THE MAMBA PRESENTS THE DOCUMENTARY "SERGIO DE LOOF: SENTISTE HABLAR DE MI?”
The Museum of Modern Art of Buenos Aires, under the Ministry of Culture of the City Government, presents the documentary Sergio De Loof: Did you feel talking about me?, on Saturday April 4th at 6:00 pm through the website “Cultura en Casa ”, The platform of the Ministry of Culture of the City of Buenos Aires that gathers the cultural offer of the City for its access in a remote, free and free way.
It is an unpublished material recently produced within the framework of the Sergio De Loof exhibition: Did you feel talking about me?, opened on November 28 at the Museum of Modern Art, which is the first retrospective of this artist and covers his more than three decades of experience. The documentary accounts for the exhibition and pays tribute to the artist, given the recent news of his death on March 22.
Through archival material produced during the exhibition, visits to the exhibition, guided tours, and interviews with curator Lucrecia Palacios and the artist himself, this audiovisual production reveals three central aspects of De Loof's career: his relationship with fashion, his work as host of the night spaces that had him as manager, and his particular vision of art.
Fashion designer, videographer, photographer, stylist, set designer, painter, architect of central nightlife venues such as El Dorado (1991), Morocco (1993) and Ave Porco (1994), among others, Sergio De Loof is one of the most influential and dynamic artists of the last three Argentine decades. All these spaces were legendary and invented an unprecedented night for a Buenos Aires that was trying to leave behind the customs installed during the dictatorship.

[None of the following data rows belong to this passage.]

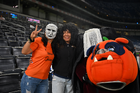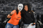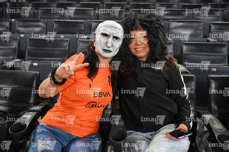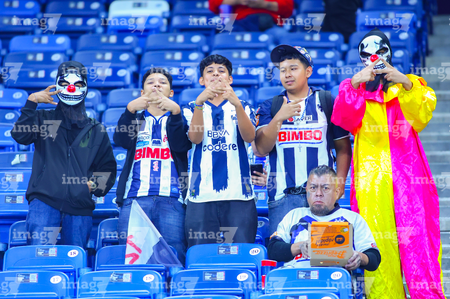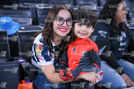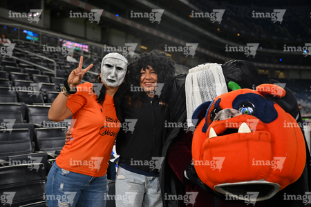 Guadalupe, Nuevo León, 31 de octubre de 2025. Afición disfrazada con motivo del Halloween, durante el partido correspondiente a la jornada 17 del torneo Apertura 2025 de la Liga BBVA MX Femenil, entre las Rayadas del Monterrey y las Rojinegras del Atlas, realizado en el estadio BBVA. Foto: Imago7/David Arzamendi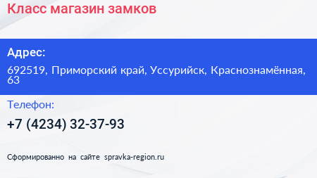 Класс, магазин замков по адресу 692519, Приморский край, Уссурийск, Краснознамённая, 63 в дальнейшем Организация, размещена в следующих категориях:
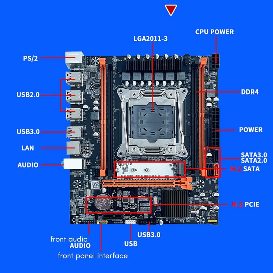 - Product Name: X99 Computer Motherboard; Model: X99T-DDR4; CPU Socket: LGA 2011-3; Supported CPU: Applicable to Zhiqiang V3 series and 7 series (support such as 5820K 5960K/E5- 2678 V3/E5 2676 V3/E5 2696 V3/E5 2629 V3/E5 2649 V3/E5 2668 V3, etc. (i7CPU cannot be matched at the same time) memory usage of the server)
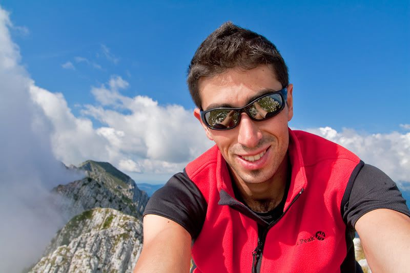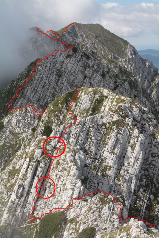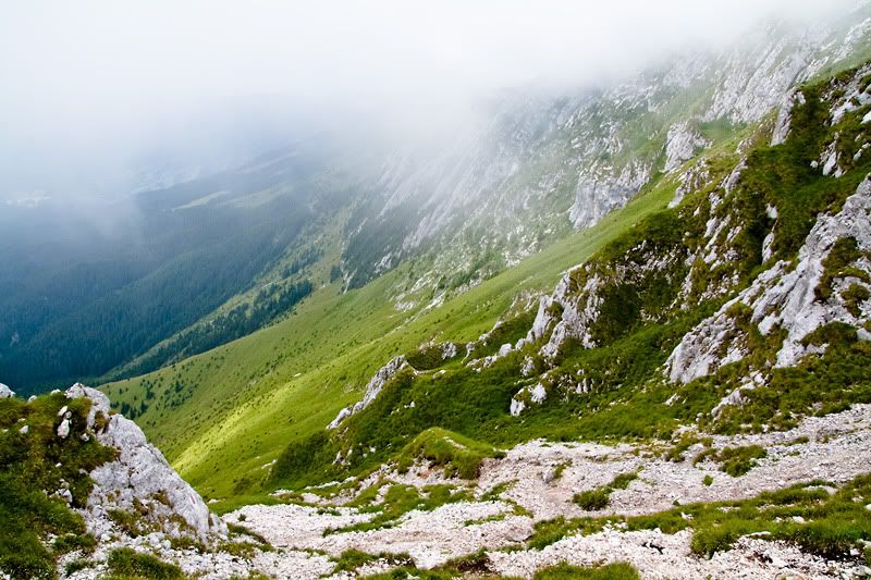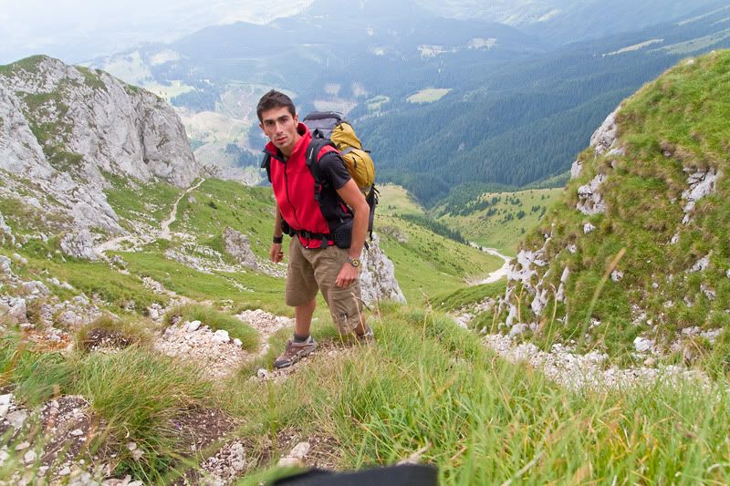 Los primeros metros son cómodos a lo largo de un estrecho sendero que se deja intuir en lo alto de la herbosa cresta. Sin embargo, a lo lejos distingo a los dos polacos subiendo en fila por un angosto canal abierto en la pared de la montaña y que bordea parte de una cresta que en ese tramo aparenta ser infranqueable. Con la fuerte pendiente, una caída podría resultar fatal, pero ellos realizan la trepada con aparente paso experto y seguro. Es parte del camino a seguir hasta alcanzar la cima de La Ohm, con continuas trepadas y bajadas en la vasta cresta de la cordillera de Piatra Craiului. A su derecha, un escarpado precipicio asoma sobre los verdes y profundos valles del sur transilvano y una sensación de inquietud recorre mi cuerpo en ese mismo instante. El pequeño ángel cuerdo que cada uno de nosotros lleva en su interior sale a animarme a dar media vuelta, deseoso de perder de vista aquel escabroso recorrido, buen conocedor de que no hemos venido a este viaje a ello. Es, sin embargo, la parte más aventurera de mí la que me anima a seguir en un eterno afán de buscar nuevas sensaciones.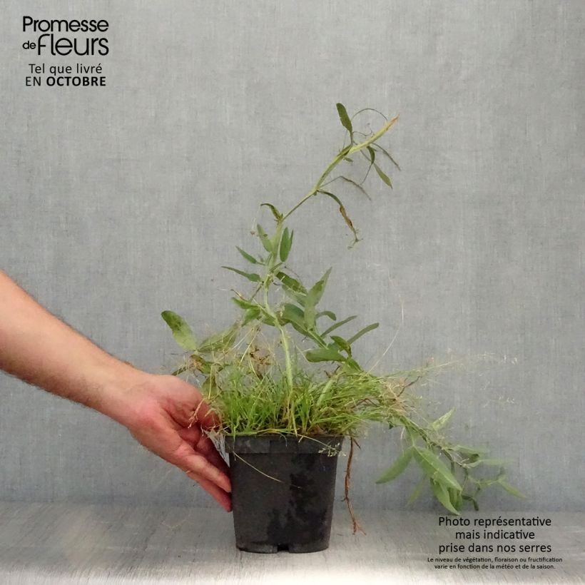 Esta encantadora planta tiene más de un atractivo: follaje azulado crujiente, pequeños racimos de capullos muy enrollados, y finalmente la finura de sus flores rosadas. Se adapta bien a lugares cálidos y soleados así como a terrenos bien drenados e incluso pedregosos. Es una planta perfecta para vestir rápidamente un jardín nuevo, una zona algo salvaje, las ramas un poco tristes de coníferas o arbustos de floración primaveral ya sin flores. Fácil de cultivar, las grandes semillas del Lathyrus latifolius son fáciles de manipular y podrán ser sembradas fácilmente por los niños. Esta Arveja de primavera es ideal para decorar una espaldera, una malla e incluso una maceta en la terraza durante todo el verano. Este guisante es un vagabundo aéreo con un pie formidable. Si se instala en el jardín, se multiplica y se expande a su antojo, asaltando a otras viváceas, sin ahogarlas bajo su peso tan ligero. En ramo, luce hermoso varios días, los capullos que se abren en blanco teñido de verde, son muy refinados y combinan bien con algunas espigas de Buddleia que aportan el toque perfumado que les falta.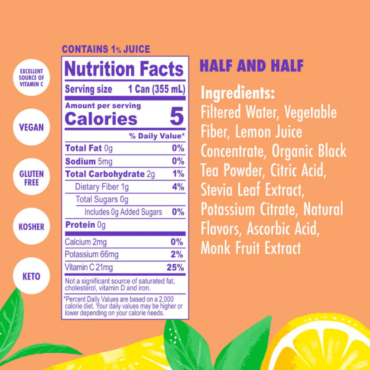 This zero sugar iced tea blends brewed black and green teas to create a well-balanced drink with gentle caffeine and full flavour. There are no artificial sweeteners. No artificial colours. No refined sugars. Just a simple ingredients list that keeps things clean. Whether you're after a classic tea flavour or want a drink that straddles iced tea and lemonade, this Half & Half brings the best of both.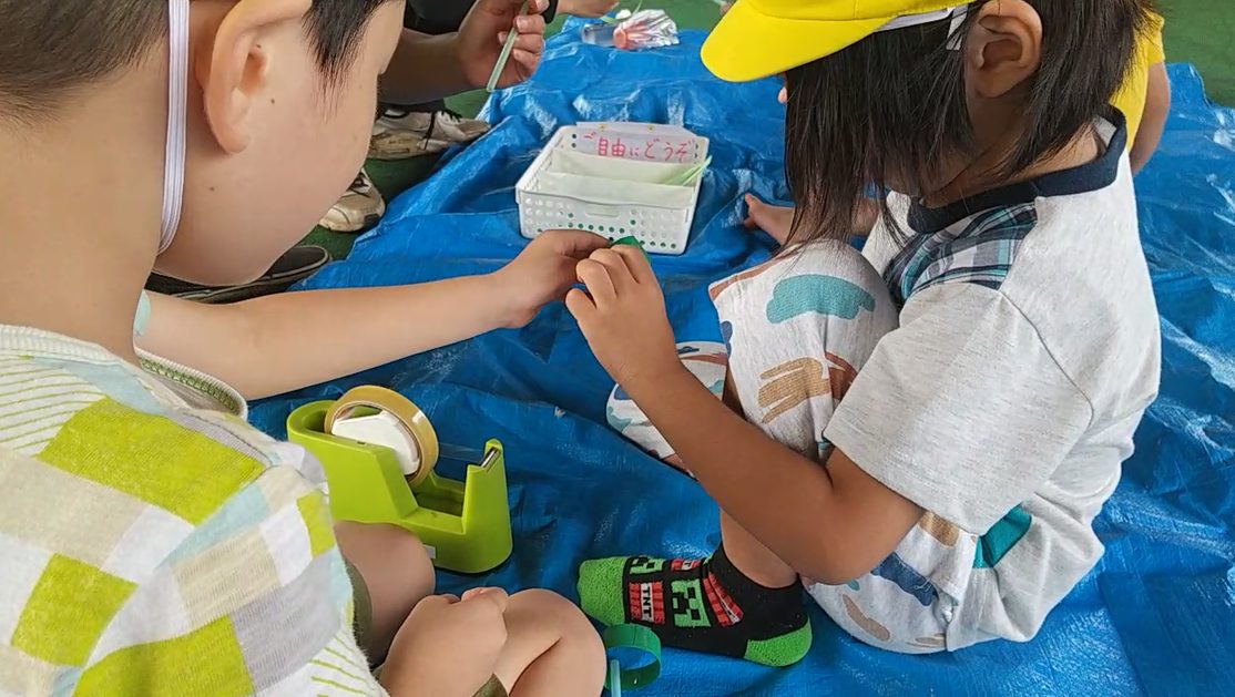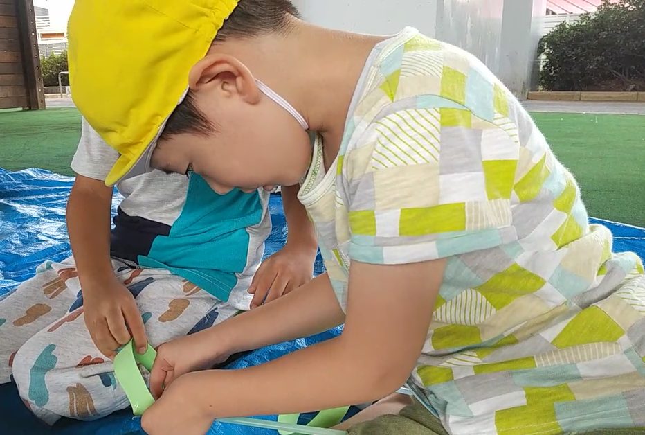 年中児はグループ支援の中で一度製作したことがあるため、急遽参加した年長児二人に作り方を教えてもらう役割をお願いしました。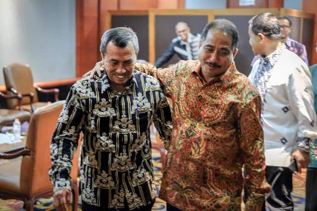 Gubernur Riau Drs H Syamsuar M.Si dan Menteri Pariwisata RI, Arief Yahya sama-sama memakai baju batik yang merupakan warisan budaya Indonesia sejak dulu.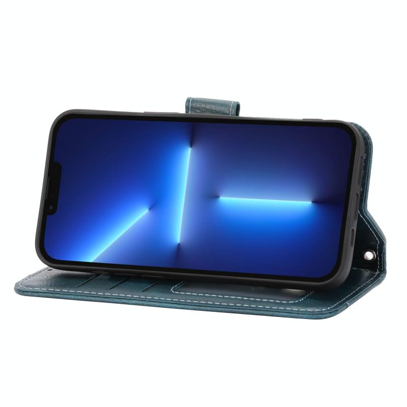 For iPhone 16 Pro Max Oil Skin Zipper Wallet Leather Phone Case(Blue)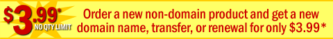 Domain Registration - Free Forwarding with masking, free parking/For Sale/Starter page and full DNS control. |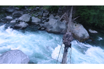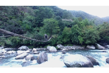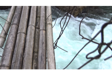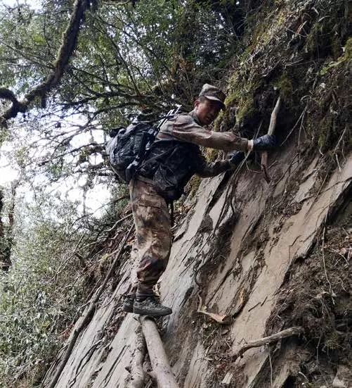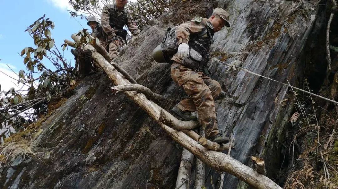 一边是悬崖,一边是绝壁,巡逻官兵只能搭设悬梯通过。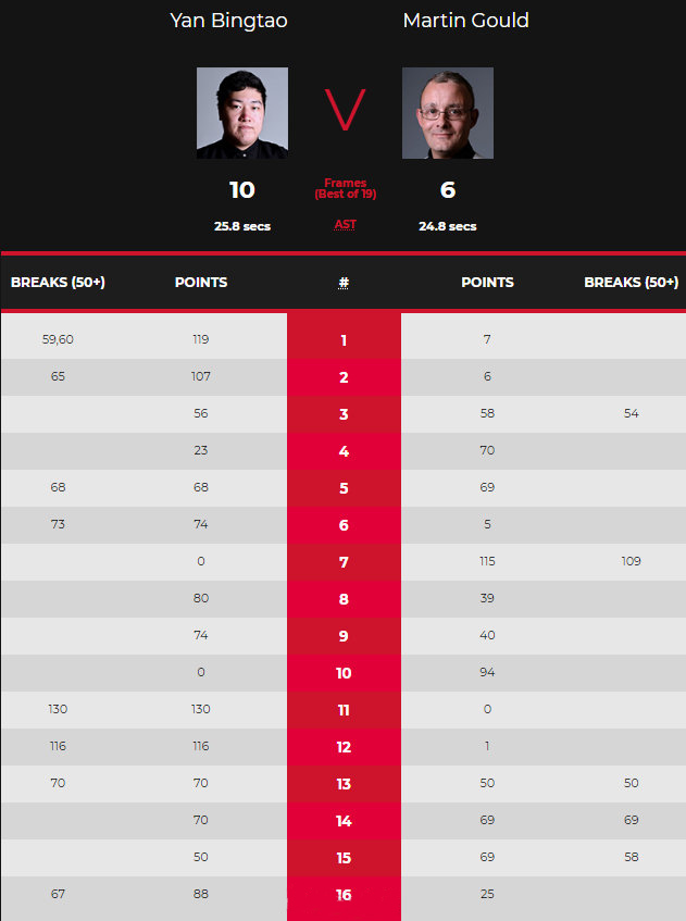 第15局,古尔德以69-50挽救一个赛点。第16局,颜丙涛打出了单杆67分,并最终以10-6取胜,晋级下一轮。在第二轮的比赛中,颜丙涛将会对阵墨菲和马克·戴维斯之间的胜者。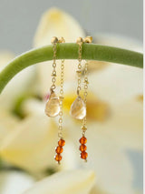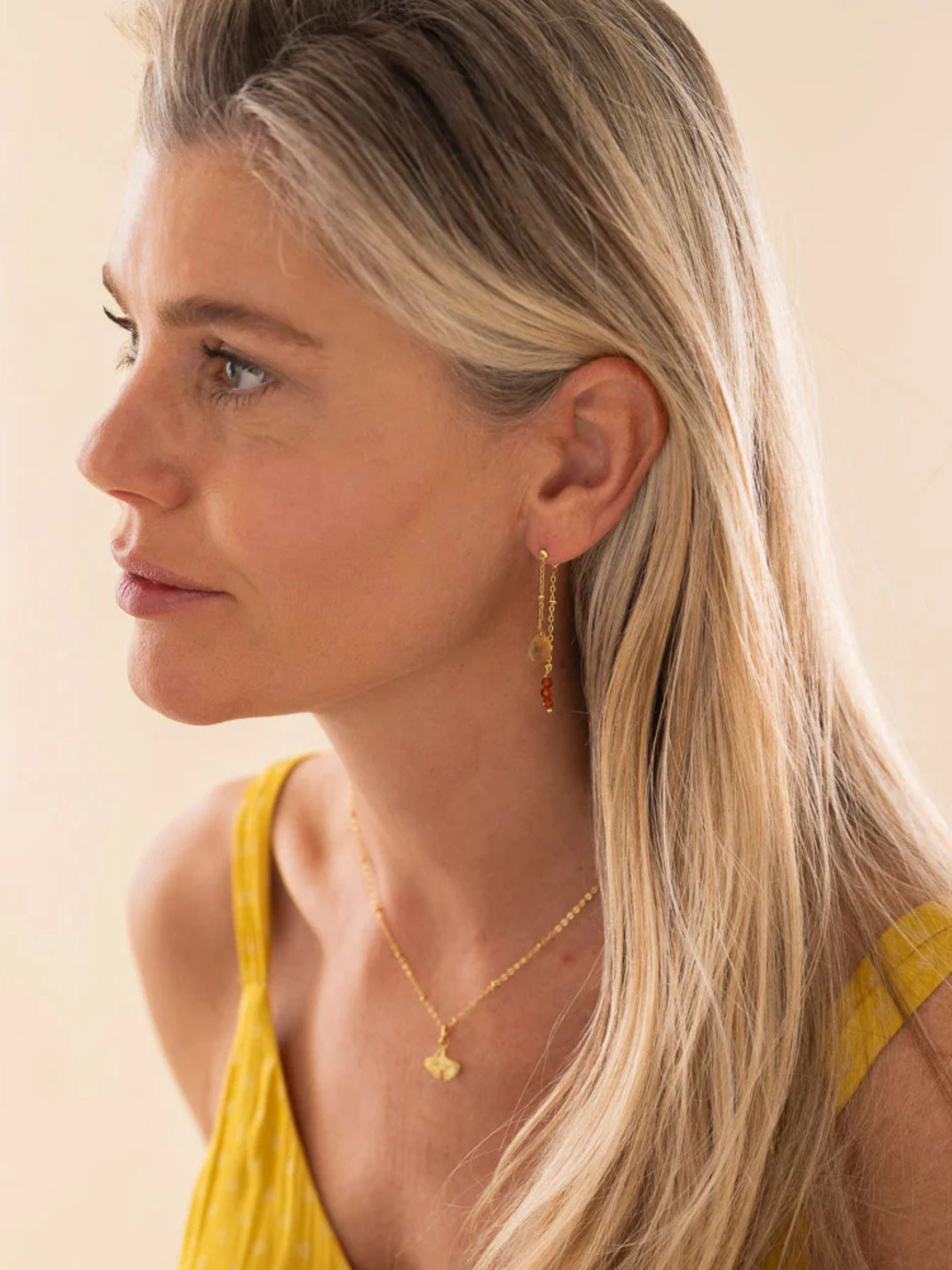 Discover Felicity Earrings Citrine Gold-Plated Carnelian, handmade gold-plated brass earrings that combine elegance with a playful touch. Measuring 5 centimeters in length, these earrings feature a faceted carnelian drop pendant and small faceted citrine gems. The citrine fills every moment with happiness and joy, while the carnelian sets everything you desire in motion.

In them, art and nightlife were integrated: they werenightclubs, bars and also cultural centers. Their programming included parades, exhibitions and plays, where the hitherto antagonistic worlds of artists and intellectuals, businessmen, the fashion universe and entertainment crossed each other, in a context of freedom and experimentation.
De Loof was a central figure in author fashion in the early 1990s. He conceived his parades as collaborative and community meetings, close to the theater. Their friends or acquaintances participated in them, with very diverse bodie types, far from those of the supermodels. Thus, he gave rise to bodily and sexual disagreements in his works. On their catwalks, the models danced and performed in the clothes that the artist had composed with scraps, second-hand clothes, paper and magazines. In creating these designs, he used techniques such as ñandutí, embroidery, patchwork and recycling, among others.
By the 2000s, the name De Loof had been synonymous with a unique sensibility for more than a decade, with which he created fantastic settings, clothes and fashion shows using discredited materials. With them, the artist forged his own style, the rococo trash, which is characterized by the baroque amalgam of eclectic and ephemeral cultural consumption.
This unpublished documentary piece is a way to keep the exhibition open in the context of quarantine, and at the same time a great opportunity to rediscover the work of this fundamental artist.